Но и здесь мы встретили затруднения. Сын указанного нам организацией купца был ранен в бою у артиллерийских складов. Раненный, истекая кровью, он нашел в себе силы добраться домой. Он лежал теперь в ожидании, что по его следам вот-вот придут большевики, чтобы его арестовать. Несмотря на это, он предложил нам гостеприимство. Выбирать было не из чего. Мы поблагодарили его и остались. Мы не вошли в дом, а расположились в саду.

Бой в Рыбинске был бесповоротно проигран, но Ярославль продолжал держаться. Я послал офицера к полковнику Перхурову, чтобы сообщить ему о рыбинской неудаче. Офицер до полковника Перхурова не доехал: он был арестован большевиками. Для меня было ясно, что без артиллерии Ярославль долго обороняться не может. Но я тоже надеялся на помощь союзников — на архангельский англо-французский десант. Поэтому было решено, что оставшиеся силы рыбинской организации будут направлены на партизанскую борьбу с целью облегчить положение полковника Перхурова в Ярославле. В ближайшие после 8 июля дни нами был взорван пароход с большевистскими войсками на Волге, был взорван поезд со снарядами, направлявшийся в Ярославль, и был испорчен в нескольких местах железнодорожный путь Ярославль--Бологое. Эти меры затруднили перевозку большевистских частей со стороны Петрограда, но мы не смогли воспрепятствовать перевозке из Москвы. Троцкий же, понимая всю важность происходящих событий, напрягал все усилия, чтобы с помощью Московского гарнизона овладеть Ярославлем. Он овладел им только тогда, когда город был совершенно разрушен артиллерийским огнем.

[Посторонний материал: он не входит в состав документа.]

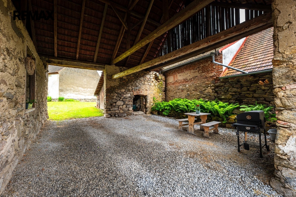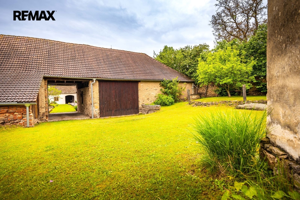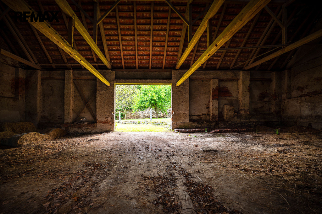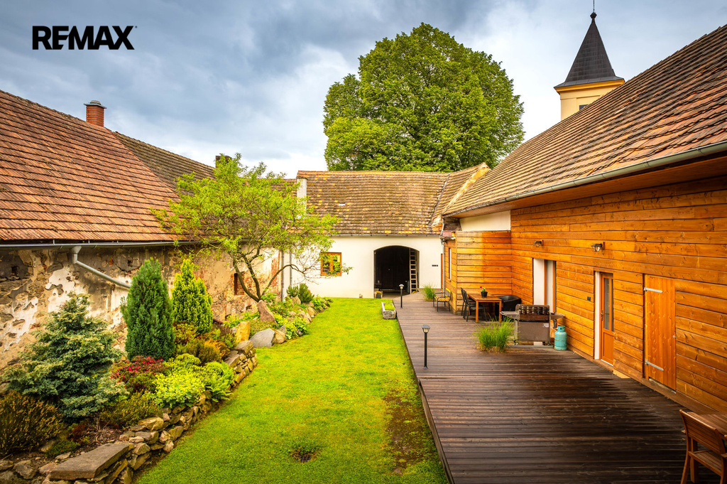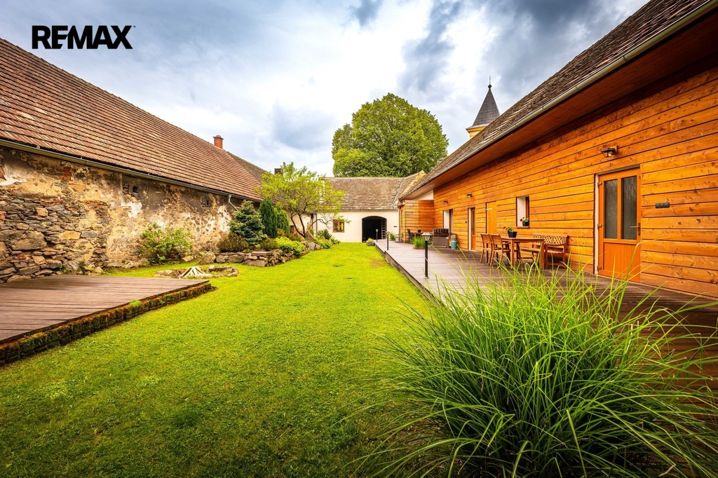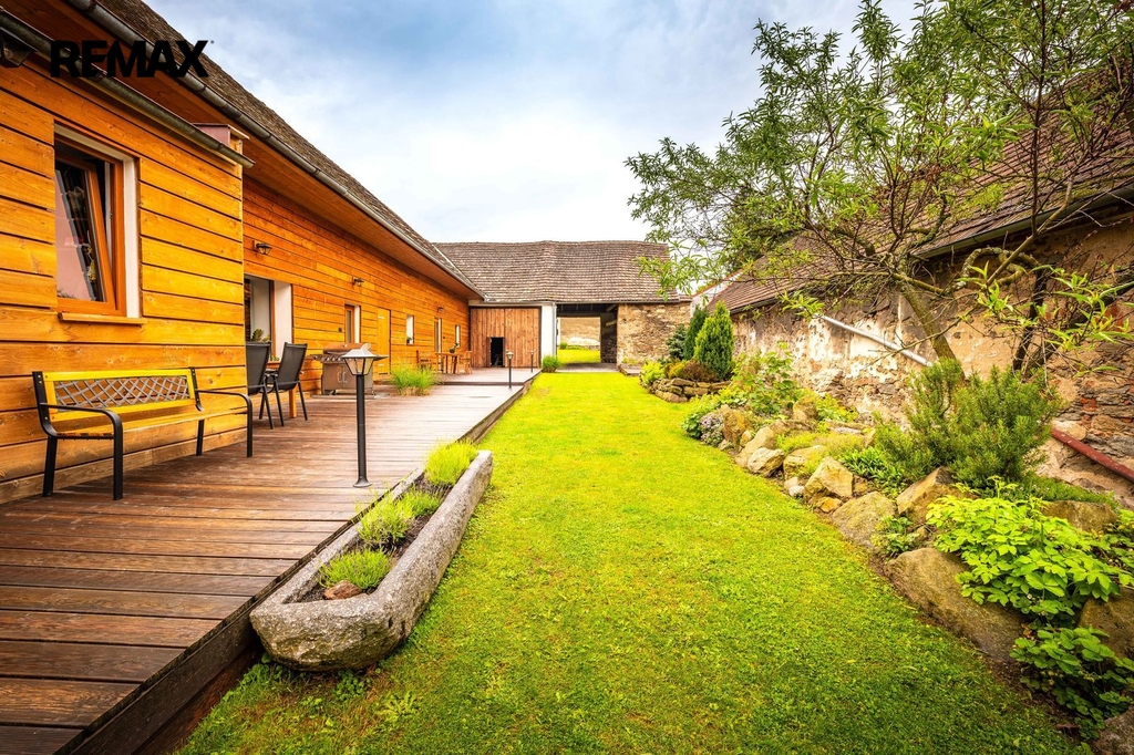 Dům s uzavřeným dvorem z přední i zadní části nabízí maximální soukromí. Dřevěná terasa podél vnitřního dvora k využití a umístění odpočinkové části, grilovací kout s ohništěm, relaxační zóna a skalky. Průjezdnou stodolou se dostanete na zahradu, na kterou je možný druhý vjezd i z hlavní komunikace. Samostatná stodola o výměře 200m2 je evidována jako stavební pozemek, možnost rekonstrukce a oddělení. V případě zájmu možnost prodeje pouze stodoly se zahradou, která je přístupná z obecní komunikace. Odděleno by bylo geometrickým plánem. Dům je možný použít pro účely rodinného bydlení či vícegeneračního bydlení, ale také komerční. Celková výměra pozemku je 1624m2, obytná plocha má výměru 363m2, plocha stodol a technických místností je 408m2.

Одновременно, 8-го июля, наша муромская организация произвела восстание в Муроме и взяла большевистскую ставку. Исполнив эту демонстративную задачу, муромский отряд, под начальством доктора Григорьева и подполковника Сахарова, с боем ушел из города и походным порядком дошел до Казани, которая в начале августа была взята чехословаками.

Так окончилось восстание в Рыбинске, Ярославле и Муроме, организованное „Союзом защиты Родины и свободы“. Его нельзя назвать удачным, но оно не было бесполезным. Впервые, не на Дону и не на Кубани, а в самой России, почти в окрестностях Москвы, русские люди, без помощи кого бы то ни было, восстали против большевиков и тем доказали, что не все русские мирятся с национальным позором Брест-Литовского мира и что не все русские склоняются перед террором большевиков. Честь была спасена. Слава тем, которые пали в бою.

Снова в пути

Под Рыбинском невозможно было оставаться долгое, время. Ежеминутно могли явиться большевики и арестовать нас всех. Мы купили телегу и лошадь и двинулись в дорогу. Куда? Мы не могли бы точно сказать… По направлению к Москве. Я хотел знать, что предполагает „Национальный центр“, и думал5 что нам надо пробираться в Казань на соединение с нашей казанской организацией. Я послал Дикгофа-Деренталя в Москву с докладом „Национальному центру“, а Флегонта Клепикова в Казань предупредить о моем приезде. Несколько дней до возвращения Дикгофа-Деренталя я решил переждать в деревне. Меня приютил у себя, в Новгородской губернии, г. Н.

Я не знал, что Казань уже взята чехословаками, и решил ехать на Волгу, надеясь, что казанская организация будет счастливее, чем рыбинская, и что мы своими силами возьмем город. В течение всего мая и июня штаб „Союза защиты Родины и свободы“ постепенно эвакуировал часть своих членов из Москвы в Казань. По моим расчетам на: Волге уже должны были быть сосредоточены достаточные силы для восстания против большевиков. Я не мог примириться с рыбинской неудачей и с ярославским полууспехом. В моих глазах борьба не была закончена, а была только начата.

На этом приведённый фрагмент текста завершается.